What is a dictionary?
A dictionary is an aligned pair of documents that specifies a list of phrases or sentences and their corresponding translations. Use a dictionary in your training, when you want Translator to translate any instances of the source phrase or sentence, using the translation you provide in the dictionary. Dictionaries are sometimes called glossaries or term bases. You can think of the dictionary as a brute force "copy and replace" for all the terms you list. Furthermore, Microsoft Custom Translator service builds and makes use of its own general purpose dictionaries to improve the quality of its translation. However, a customer provided dictionary takes precedent and is searched first to look up words or sentences.
Dictionaries only work for projects in language pairs that have a fully supported Microsoft general neural network model behind them. View the complete list of languages.
Phrase dictionary
A phrase dictionary is case-sensitive. It's an exact find-and-replace operation. When you include a phrase dictionary in training your model, any word or phrase listed is translated in the way specified. The rest of the sentence is translated as usual. You can use a phrase dictionary to specify phrases that shouldn't be translated by providing the same untranslated phrase in the source and target files.
Dynamic dictionary
The dynamic dictionary feature allows you to customize translations for specific terms or phrases. You define custom translations for your unique context, language, or specific needs.
Neural phrase dictionary
The neural phrase dictionary extends our dynamic dictionary and standard phrase dictionary features. Dynamic and phrase dictionaries allow you to customize the translation output by providing your own translations for specific terms or phrases. The dynamic dictionary feature is used with the Translator API while the neural phrase dictionary is enabled using Custom Translator. The neural phrase dictionary improves translation quality for sentences that include one or more term translations by letting the machine translation model adjust both the term and the context. This adjustment produces more fluent translations. At the same time, it preserves high-term translation accuracy.
Sentence dictionary
A sentence dictionary is case-insensitive. The sentence dictionary allows you to specify an exact target translation for a source sentence. For a sentence dictionary match to occur, the entire submitted sentence must match the source dictionary entry. A source dictionary entry that ends with punctuation is ignored during the match. If only a portion of the sentence matches, the entry isn't matched. When a match is detected, the target entry of the sentence dictionary is returned.
Dictionary-only trainings
You can train a model using only dictionary data. To do so, select only the dictionary document (or multiple dictionary documents) that you wish to include and select Create model. Since this training is dictionary-only, there's no minimum number of training sentences required. Your model typically completes training faster than a standard training. The resulting models use the Microsoft baseline models for translation with the addition of the dictionaries you add. You don't get a test report.
Note
Custom Translator doesn't sentence align dictionary files, so it is important that there are an equal number of source and target phrases/sentences in your dictionary documents and that they are precisely aligned.
Recommendations
Dictionaries aren't a substitute for training a model using training data. For better results, we recommended letting the system learn from your training data. However, when sentences or compound nouns must be translated verbatim, use a phrase dictionary.

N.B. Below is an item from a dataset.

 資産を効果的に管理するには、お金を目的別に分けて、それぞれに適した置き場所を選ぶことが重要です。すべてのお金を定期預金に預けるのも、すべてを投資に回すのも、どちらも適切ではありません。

The phrase dictionary should be used sparingly. When a phrase within a sentence is replaced, the context of that sentence is lost or limited for translating the rest of the sentence. The result is that, while the phrase or word within the sentence is translated according to the provided dictionary, the overall translation quality of the sentence often suffers.

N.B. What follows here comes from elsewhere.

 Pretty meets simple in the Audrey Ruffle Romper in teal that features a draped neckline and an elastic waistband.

The phrase dictionary works well for compound nouns like product names ("Microsoft SQL Server"), proper names ("City of Hamburg"), or product features ("pivot table"). It doesn't work as well for verbs or adjectives because, typically, those words are highly contextual within the source or target language. The best practice is to avoid phrase dictionary entries for anything but compound nouns.
If you're using a phrase dictionary, capitalization and punctuation are important. Dictionary entries are case- and punctuation-sensitive. Custom Translator only matches words and phrases in the input sentence that use exactly the same capitalization and punctuation marks as specified in the source dictionary file. Also, translations reflect the capitalization and punctuation provided in the target dictionary file.
Example
- If you're training an English-to-Spanish system that uses a phrase dictionary and you specify SQL server in the source file and Microsoft SQL Server in the target file. When you request the translation of a sentence that contains the phrase SQL server, Custom Translator matches the dictionary entry and the translation that contains Microsoft SQL Server.

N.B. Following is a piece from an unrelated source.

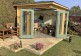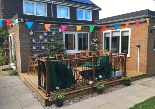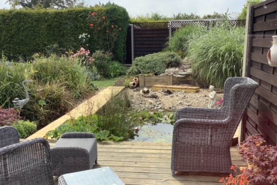 Outside we have a very private enclosed garden with a kitchen patio, a terrace (sliding door from dining room) and a deck overlooking the pond (sliding door from study). We have two further decked areas and a summer house to catch the morning sun.
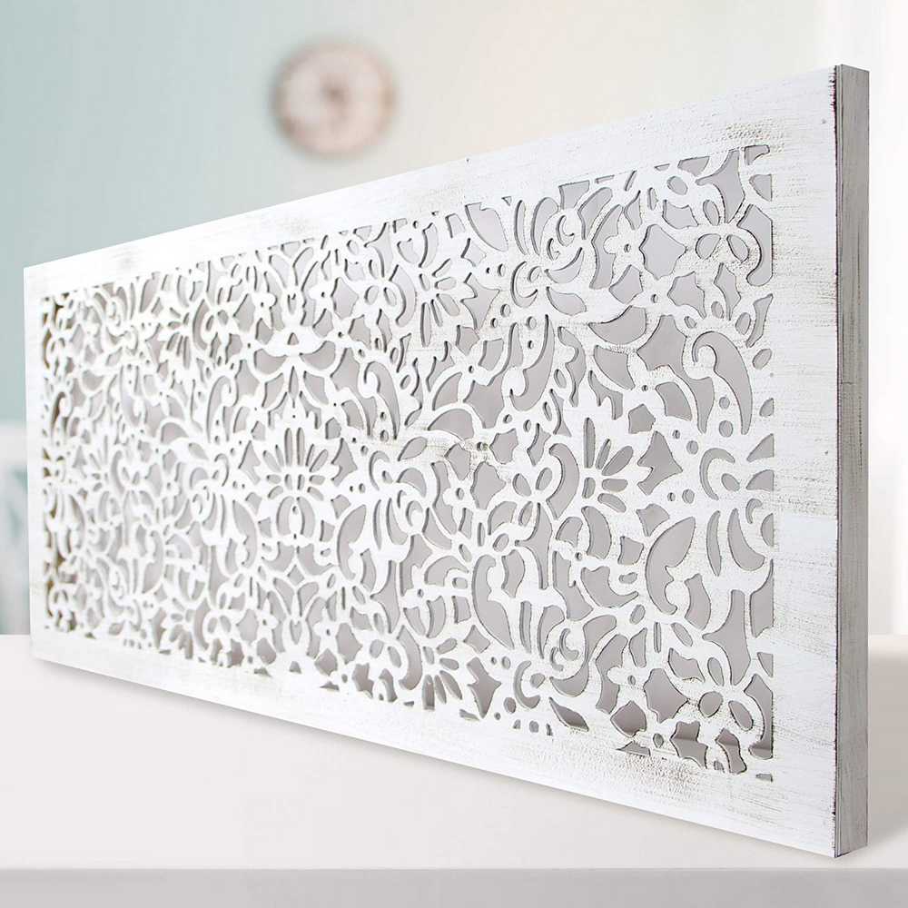Está completamente decorado a mano de forma artesanal, lo que ofrece un acabado único en cada uno de los cuadros, lo que permitirá que se pueda tener un mosaico sin igual. Este cuadro se fabrica en España, y tiene un tono blanco envejecido que sin duda combinará a la perfección con cualquier tipo de decoración en cualquiera de los espacios donde se instale. También está disponible en color nogal, y lo podrás encontrar en tres medidas diferentes.

- When you request translation of a sentence that includes the same phrase but doesn't match what is in your source file, such as sql server, sql Server, or SQL Server, it won't return a match from your dictionary.
- The translation follows the rules of the target language as specified in your phrase dictionary.
For more information about neural phrase dictionary, see neural dictionary guidance and recommendations.
If you're using a sentence dictionary, end-of-sentence punctuation is ignored.
Example
- If your source dictionary contains "This sentence ends with punctuation!", then any translation requests that contain "This sentence ends with punctuation" matches.
Your dictionary should contain unique source lines. If a source line (a word, phrase, or sentence) appears more than once in a dictionary file, the system always uses the last entry provided and return the target when a match is found.
Avoid adding phrases that consist of only numbers or are two- or three-letter words, such as acronyms, in the source dictionary file.